Supplied data Start Marker

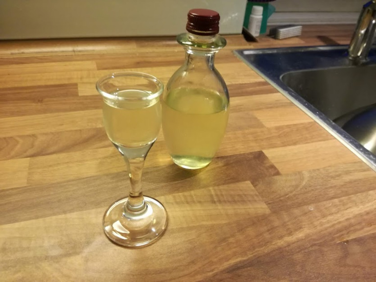 Lad trække i 4 dage, hvorefter snapsen drænes og hældes på flaske.
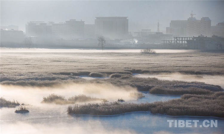日出時分拉魯濕地升騰起的薄霧。攝影:趙耀
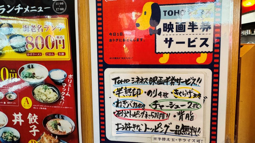 「ラーメン暖暮」は、同じ建物内にある「TOHOシネマズ海老名」と連携したお得なサービスも行っています。
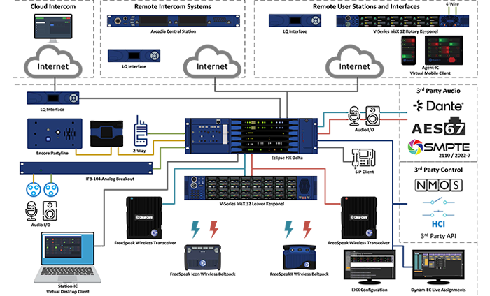 The fully integrated, redundant, and modular Eclipse HX system provides tailored connectivity. A wide range of user stations—including V-Series IrisX keypanel, FreeSpeak wireless beltpacks, Agent-IC, and Station-IC virtual clients—tailors communication to any environment. Local communication uses high-performance networks, while global communication is highly resilient via Clear-Com’s Instant Voice protocol. Third-party interfacing is achieved using E-IPA, E-DANTE, and E-MADI cards, supporting standards like AES67, Dante, MADI, and SIP telephony. All are managed via EHX configuration and optional Dynam-EC, alongside GPIO and HCI API for external control.

Supplied data End Marker

* Instructions for the task *
Return the listing above in full and without alteration, excluding its pictures.

* Answer below *
 Lad trække i 4 dage, hvorefter snapsen drænes og hældes på flaske.
日出時分拉魯濕地升騰起的薄霧。攝影:趙耀
 「ラーメン暖暮」は、同じ建物内にある「TOHOシネマズ海老名」と連携したお得なサービスも行っています。
 The fully integrated, redundant, and modular Eclipse HX system provides tailored connectivity. A wide range of user stations—including V-Series IrisX keypanel, FreeSpeak wireless beltpacks, Agent-IC, and Station-IC virtual clients—tailors communication to any environment. Local communication uses high-performance networks, while global communication is highly resilient via Clear-Com’s Instant Voice protocol. Third-party interfacing is achieved using E-IPA, E-DANTE, and E-MADI cards, supporting standards like AES67, Dante, MADI, and SIP telephony. All are managed via EHX configuration and optional Dynam-EC, alongside GPIO and HCI API for external control.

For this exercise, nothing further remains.